AI Insight
This study examines population dynamics in small groups subject to random birth, death, and immigration events, revealing that stochastic fluctuations cause populations to alternate between active (extant) and vacant (extinct) periods. Unlike deterministic logistic models that predict smooth growth, the stochastic model shows bimodal behavior where active periods are either very short with tiny populations or much longer with near-maximum populations. When populations exist on random networks rather than in well-mixed environments, individuals cluster into localized groups, which constrains overall growth and increases extinction frequency.
Why it matters
These findings are relevant for conservation biology and managing endangered species, where small population sizes make stochastic effects critical. The work also applies to understanding disease spread, invasive species dynamics, and any system where random events significantly influence population survival in spatially structured environments.

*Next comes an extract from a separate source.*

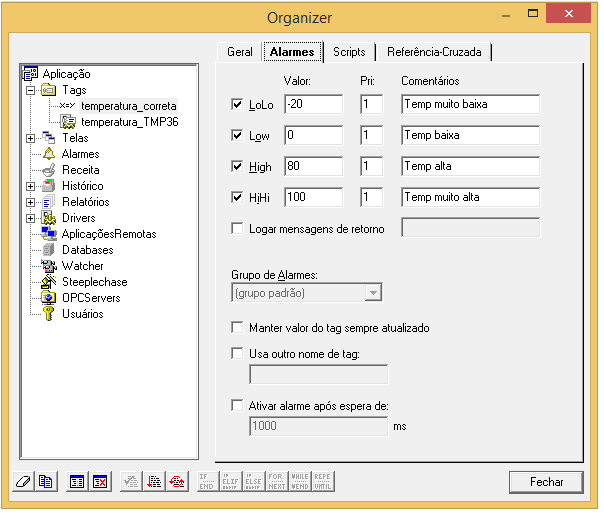 - tag.currentAlarm = 1 (Alarme muito baixo – LOLO);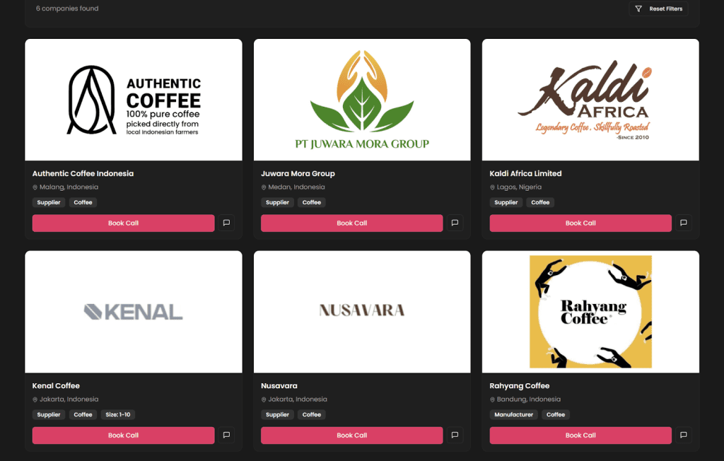 Hi Biz memberikan akses yang mudah dan terpercaya untuk menjalin kemitraan dengan perusahaan-perusahaan kopi terbaik di dunia. Semua perusahaan yang terdaftar telah terverifikasi dan memiliki rekam jejak yang solid dalam menyediakan produk berkualitas. Jika Anda tertarik untuk memperluas bisnis kopi Anda, Hi Biz adalah platform yang tepat untuk Anda jelajahi.

arXiv:2605.27100v1 Announce Type: new
Abstract: We study an ecology-inspired model for a population of bounded size, whose dynamics is governed by random birth, death, and immigration events. Stochastic fluctuations in the number of individuals give rise to a succession of alternating active and vacant periods, where the population is respectively extant and extinct. Using both analytical and numerical techniques, we characterize the statistics of the two kinds of period, quantifying their duration and frequency, and the typical population sizes in active periods. In sharp contrast to the deterministic mean-field behavior, governed by logistic dynamics, active periods may exhibit pronounced bimodality: either short durations with very small populations, or much longer durations with population sizes close to the maximum. We also investigate how these results change when the population evolves on random networks of three classes: ErdH{o}s-R’enyi, regular, and geographic. The main effect of the network structure is to induce population clustering, with individuals aggregated into localized groups. This, in turn, limits population growth and increases the frequency of vacant periods.